I am using edgeR to look at differential community composition (bacterial taxonomy counts) - this can be treated just like RNA-Seq data. I have a factor (WaterBody) and a covariate (Latitude) for this dataset. There is an interaction effect based on adonis (and biologically it makes sense).
Extra details on data:
- WaterBody: North_Atlantic, North_Pacific, Mediterranean_Sea
- Latitude: 32, 34, 37, 38, 42, 43, 45, 46, 49, 52, 55, 58, 64, 67
- Not all bodies of water were sampled at every latitude.
Below is what I currently have for my script:
y <- DGEList(counts=Counts_Bact, sample = Sample_Data)
y <- edgeR::calcNormFactors(y, method ="TMMwsp")
design <- model.matrix(~WaterBody + WaterBody:Lat, data=Sample_Data)
rownames(design) <- colnames(y)
disp = estimateDisp(y, design, robust=TRUE)
fit <- glmQLFit(disp, design, robust = TRUE)
At this point I have the following coefficients:
- WaterBodyNorth_Atlantic
- WaterBodyNorth_Pacific
- WaterBodyNorth_Mediterranean_Sea
- WaterBodyNorth_Atlantic:Lat
- WaterBodyNorth_Pacific:Lat
- WaterBodyNorth_Mediterranean_Sea:Lat
So now to reiterate my question. I wanted to compare bacterial taxonomy counts for certain latitudes within a body of water as well as across bodies of water (say which bacteria are differentially present in North Atlantic at 67N vs 45N and then North Pacific vs North Atlantic at 45N).
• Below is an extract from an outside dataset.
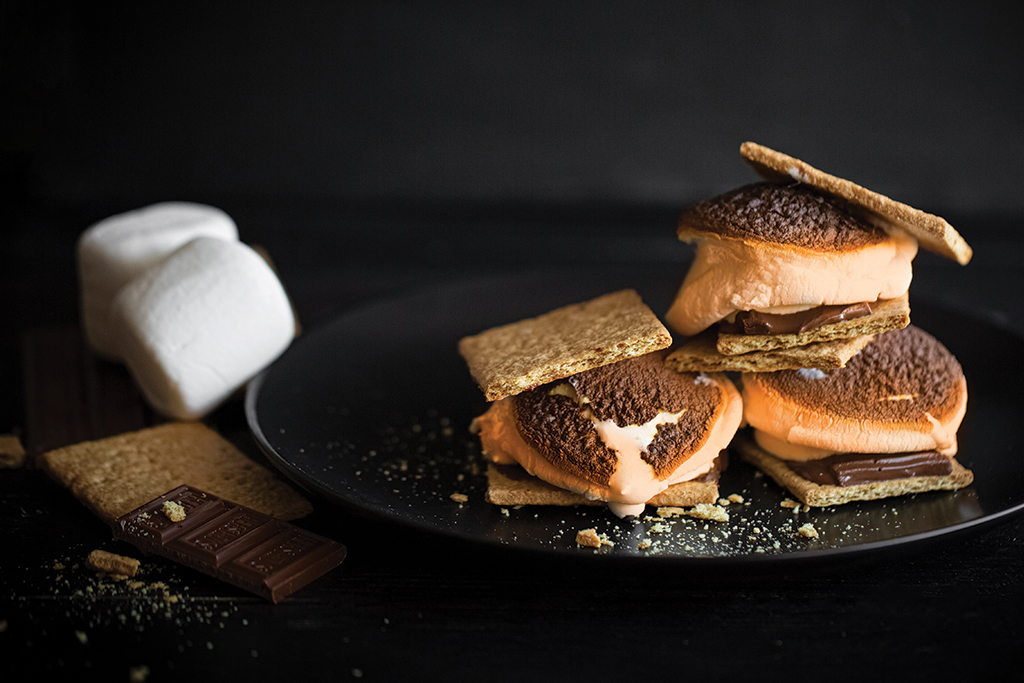 Halloween S’mores: For this simple variation on a well-loved classic, all you’ll need are graham crackers, marshmallows, chocolate bars, and some orange food coloring. Dye your marshmallows by soaking them for five minutes in a bowl of water with food coloring. You’ll need to put something heavy, like a plate, on top of your marshmallows to keep them from floating to the surface. Rotate the marshmallows a few times to ensure they are evenly colored.

My understanding is what I have above is incorrect and I am going about it all wrong. It also may just simply not be possible? Was hoping to get input since looking at references below haven't quite gotten me there:
Ref 2: https://www.bioconductor.org/packages/devel/bioc/vignettes/edgeR/inst/doc/edgeRUsersGuide.pdf
Any advice/insight would be greatly appreciated!